If no `INFILE` is provided, input is read from standard input.

### 2.2 Options

- `-m, --mode [digest|stream]`: Default `digest`.
- `-a, --algorithm [bow|storm]`: Choose `rainbow` (`bow`) or `rainstorm` (`storm`). Default `storm`.
- `-s, --size [64-256|64-512]`: Hash size in bits. Default `256`. Rainbow supports 64,128,256. Rainstorm supports 64,128,256,512.
- `-o, --output-file FILE`: Write output to `FILE`.
- `-t, --test-vectors`: Run test vectors.
- `-l, --output-length HASHES`: For stream mode, number of iterations.
- `--seed VALUE`: Sets the seed (64-bit number or string). A string seed is hashed by Rainstorm to produce a 64-bit seed.
- `-h, --help`: Show help.
- `-v, --version`: Print version.

## 3. Modes of Operation

### 3.1 Digest Mode

Produces a single, fixed-size hash in hex. For example:

```bash
rainsum -m digest -a storm -s 256 -o output.txt input.txt
```

### 3.2 Stream Mode

Generates a stream of hashes by repeatedly feeding the previous hash into the function.
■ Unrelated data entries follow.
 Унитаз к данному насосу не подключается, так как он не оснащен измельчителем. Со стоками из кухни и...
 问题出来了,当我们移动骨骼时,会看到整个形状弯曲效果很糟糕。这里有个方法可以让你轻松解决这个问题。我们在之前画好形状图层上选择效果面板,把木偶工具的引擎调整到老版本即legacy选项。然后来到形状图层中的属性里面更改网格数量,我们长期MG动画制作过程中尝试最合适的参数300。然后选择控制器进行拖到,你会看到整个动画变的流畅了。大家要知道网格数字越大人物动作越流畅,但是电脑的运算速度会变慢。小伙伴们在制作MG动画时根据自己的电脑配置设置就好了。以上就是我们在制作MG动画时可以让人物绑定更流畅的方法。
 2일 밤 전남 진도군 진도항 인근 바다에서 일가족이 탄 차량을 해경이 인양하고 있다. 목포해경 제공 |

Specify iterations with `-l`. Example:

```bash
rainsum -m stream -a storm -s 512 -l 1000000 -o output.txt input.txt
```

## 4. Hash Algorithms and Sizes

- `bow` (Rainbow): 64, 128, 256 bits
- `storm` (Rainstorm): 64, 128, 256, 512 bits

## 5. Test Vectors

Use `-t, --test-vectors` to verify correctness against known inputs.

## 6. Seed Values

Use `--seed` to set a custom seed. String seeds are hashed to a 64-bit value.
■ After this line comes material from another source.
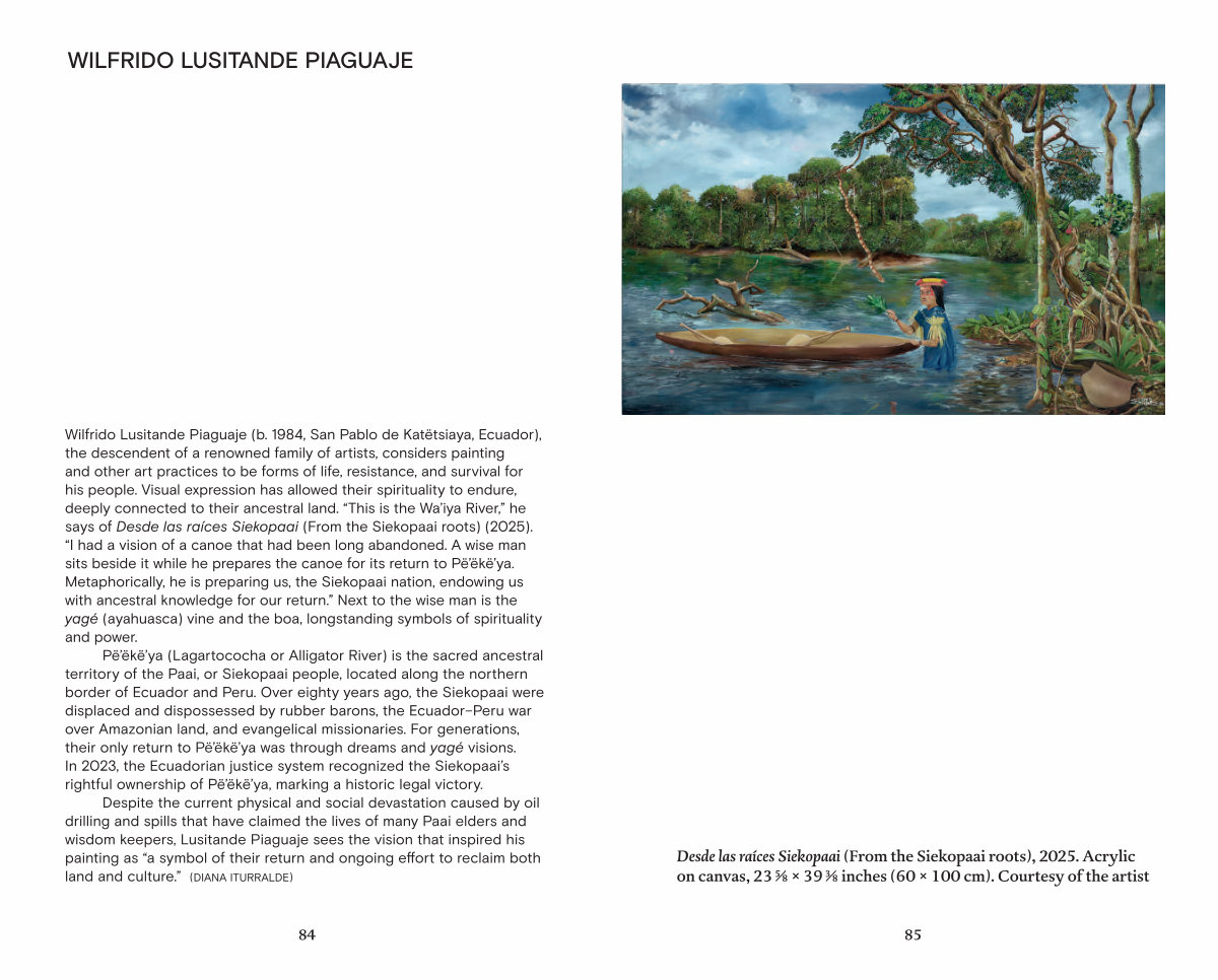 Wilfrido Lusitande Piaguaje( b. 1984, San Pablo de Katëtsiaya, Ecuador), the descendent of a renowned family of artists, considers painting and other art practices to be forms of life, resistance, and survival for his people. Visual expression has allowed their spirituality to endure, deeply connected to their ancestral land.“ This is the Wa’ iya River,” he says of Desde las raíces Siekopaai( From the Siekopaai roots)( 2025).“ I had a vision of a canoe that had been long abandoned. A wise man sits beside it while he prepares the canoe for its return to Pë’ ëkë’ ya. Metaphorically, he is preparing us, the Siekopaai nation, endowing us with ancestral knowledge for our return.” Next to the wise man is the yagé( ayahuasca) vine and the boa, longstanding symbols of spirituality and power.

## 7. Help and Version Information

- `rainsum --help`
- `rainsum --version`

## 8. Compilation

A modern C++17 compiler is required. Run `make` to build. Ensure necessary build tools (like `xcode-select` on macOS) are installed. On macOS you should use `./scripts/build.sh` to ensure that path to the correct compiler and SDK is accurate, modify that script if needed for your system.

## 9. Conclusion

Rainsum provides flexible hashing through Rainbow or Rainstorm. Experiment freely and enjoy the convenience of multiple modes and sizes.

---

# Developer Information

## Stability

The hash definitions may evolve. Changes that affect outputs will be indicated by version increments.

## Test Vectors

Refer to `--test-vectors` and `results/` for known outputs and verification.
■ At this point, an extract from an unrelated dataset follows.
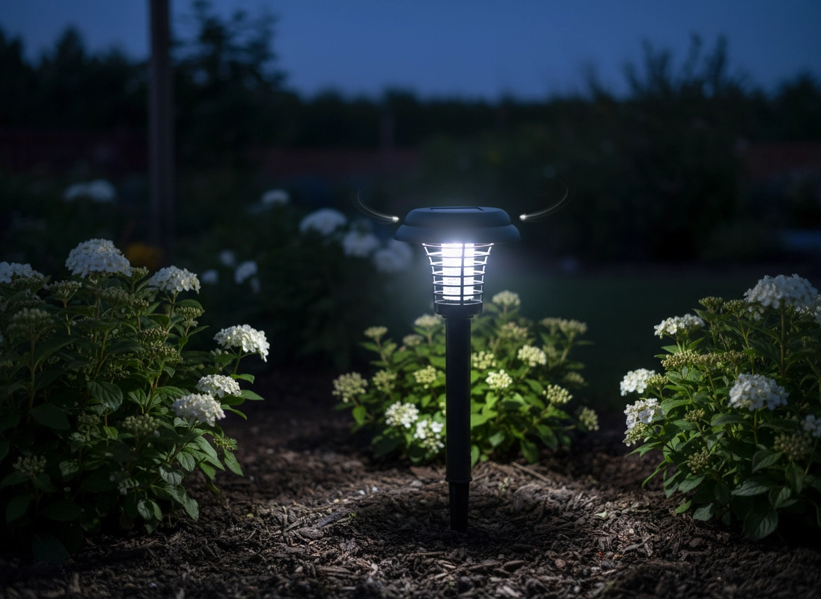 Solarna svetilka z lovilcem insektov prinaša udobje in mir na vsak vrt. Podnevi se polni s pomočjo polikristalnega solarnega panela, po temi pa se samodejno prižge – bela LED za prijetno osvetlitev in vijolična LED za učinkovito privabljanje žuželk. Zahvaljujoč zaščiti IP44 brez težav prenese običajne vremenske razmere.

## Building and Installing

```bash
make
sudo make install
rainsum --help
```

## Contributions

Improvements, analyses, and faster implementations are welcomed.

---

# Story

This is my hash included in the best hash testing library out there "SMHasher3" maintained by Frank T Wojcik: https://gitlab.com/fwojcik/smhasher3
This test lib has many improvements over SMHasher 1 & 2, listed on the previous link. Results are: https://gitlab.com/fwojcik/smhasher3/-/blob/main/results/README.md

Rainbow is the fastest 128-bit hash, and the fastest 256-bit hash (non-crypto). The 8th fastest 64-bit hash (by family, or 9th fastest overall, and 13-th fatest overall if you include 32-bit hashes). The advantage of rainbow is its easily scalable output size (64, 128 and 256), its high quality (passes all the tests), and its utter simplicity: it is under 140 source lines of code, easily readable

The random constants are primes that were selected based on their avalanche quality under a multiply modulo operation. This part of the development was interesting different primes had very distinctly different avalanche qualities. The highest quality primes caused good avalanche (~ 50% bit flip probability) across the widest possible set of bits, on average. These are quite rare. A lot of large primes only avalanche across a narrow range of bits, even in a 128-bit space. The search program took a couple of days to discover all these primes running on a 2020s era MBP. Primes are chosen because they give a complete residue set under the modulus, ensuring a long cycle length at least regarding the nominal test operation.

The rest of the hash was developed by trial and error using my intuition on developing hashes arising from long experience of doing so, and using SMHasher3 to evaluate the results, by iterating to improve and re-testing, over a period of a couple of weeks in the holidays a few years ago. I started making hash functions in my teens as a fun hobby.